- _What you will do_
Your response to the data below should hold nothing except the lines from the one containing "Behind us is" down to the one containing "This open-plan living", reproduced exactly and without pictures.

- _Provided entries_

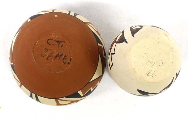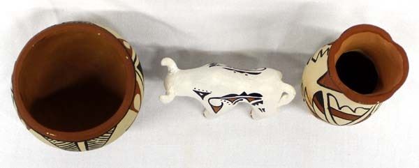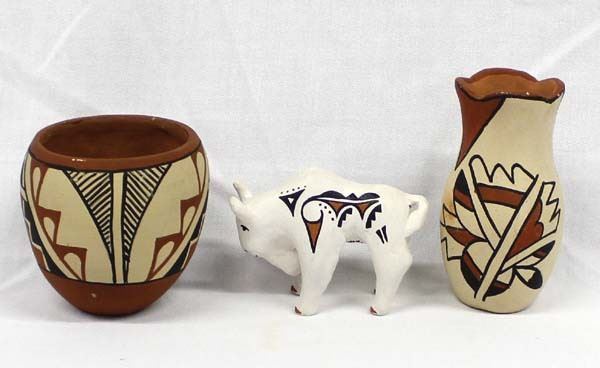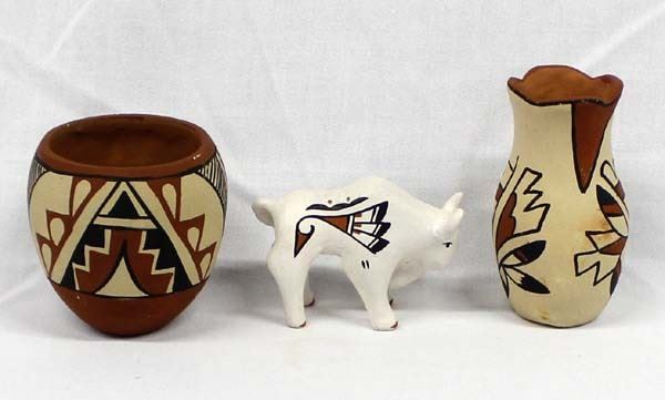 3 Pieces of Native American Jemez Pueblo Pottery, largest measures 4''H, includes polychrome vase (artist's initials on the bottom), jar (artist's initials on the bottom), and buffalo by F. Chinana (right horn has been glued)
* * *
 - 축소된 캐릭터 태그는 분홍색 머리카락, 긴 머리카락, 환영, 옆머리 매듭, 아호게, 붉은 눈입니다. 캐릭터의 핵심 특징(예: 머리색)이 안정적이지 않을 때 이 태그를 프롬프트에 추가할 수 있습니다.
==
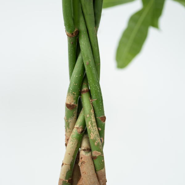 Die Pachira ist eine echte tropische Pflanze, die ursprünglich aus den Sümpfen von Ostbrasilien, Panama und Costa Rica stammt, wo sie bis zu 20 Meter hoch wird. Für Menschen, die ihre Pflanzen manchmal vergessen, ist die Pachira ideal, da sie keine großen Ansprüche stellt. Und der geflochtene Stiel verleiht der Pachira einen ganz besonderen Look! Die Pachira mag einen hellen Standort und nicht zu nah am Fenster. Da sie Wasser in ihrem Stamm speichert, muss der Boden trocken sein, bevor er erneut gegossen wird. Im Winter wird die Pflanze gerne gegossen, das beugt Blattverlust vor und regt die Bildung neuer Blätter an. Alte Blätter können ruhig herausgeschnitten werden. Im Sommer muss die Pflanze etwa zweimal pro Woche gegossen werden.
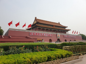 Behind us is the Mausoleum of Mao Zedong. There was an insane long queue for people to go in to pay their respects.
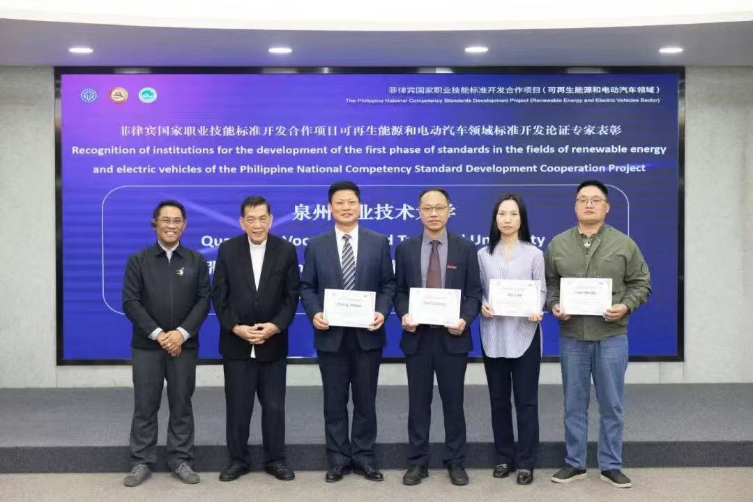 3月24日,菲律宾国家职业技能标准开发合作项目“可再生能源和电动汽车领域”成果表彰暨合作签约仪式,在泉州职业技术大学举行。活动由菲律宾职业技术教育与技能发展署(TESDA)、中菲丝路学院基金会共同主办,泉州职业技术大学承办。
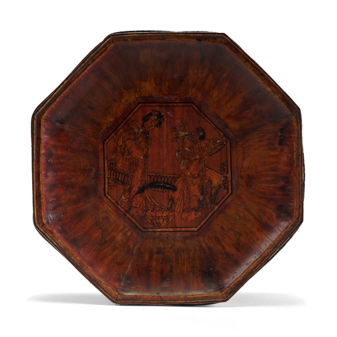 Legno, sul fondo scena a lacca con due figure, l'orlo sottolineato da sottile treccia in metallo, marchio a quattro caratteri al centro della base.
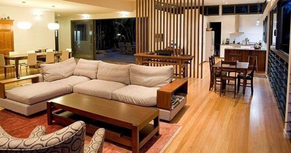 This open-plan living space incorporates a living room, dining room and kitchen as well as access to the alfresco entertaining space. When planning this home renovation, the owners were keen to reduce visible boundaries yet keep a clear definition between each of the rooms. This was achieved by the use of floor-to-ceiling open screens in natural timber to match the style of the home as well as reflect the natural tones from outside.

- _Task output_
 Behind us is the Mausoleum of Mao Zedong. There was an insane long queue for people to go in to pay their respects.
 3月24日,菲律宾国家职业技能标准开发合作项目“可再生能源和电动汽车领域”成果表彰暨合作签约仪式,在泉州职业技术大学举行。活动由菲律宾职业技术教育与技能发展署(TESDA)、中菲丝路学院基金会共同主办,泉州职业技术大学承办。
 Legno, sul fondo scena a lacca con due figure, l'orlo sottolineato da sottile treccia in metallo, marchio a quattro caratteri al centro della base.
 This open-plan living space incorporates a living room, dining room and kitchen as well as access to the alfresco entertaining space. When planning this home renovation, the owners were keen to reduce visible boundaries yet keep a clear definition between each of the rooms. This was achieved by the use of floor-to-ceiling open screens in natural timber to match the style of the home as well as reflect the natural tones from outside.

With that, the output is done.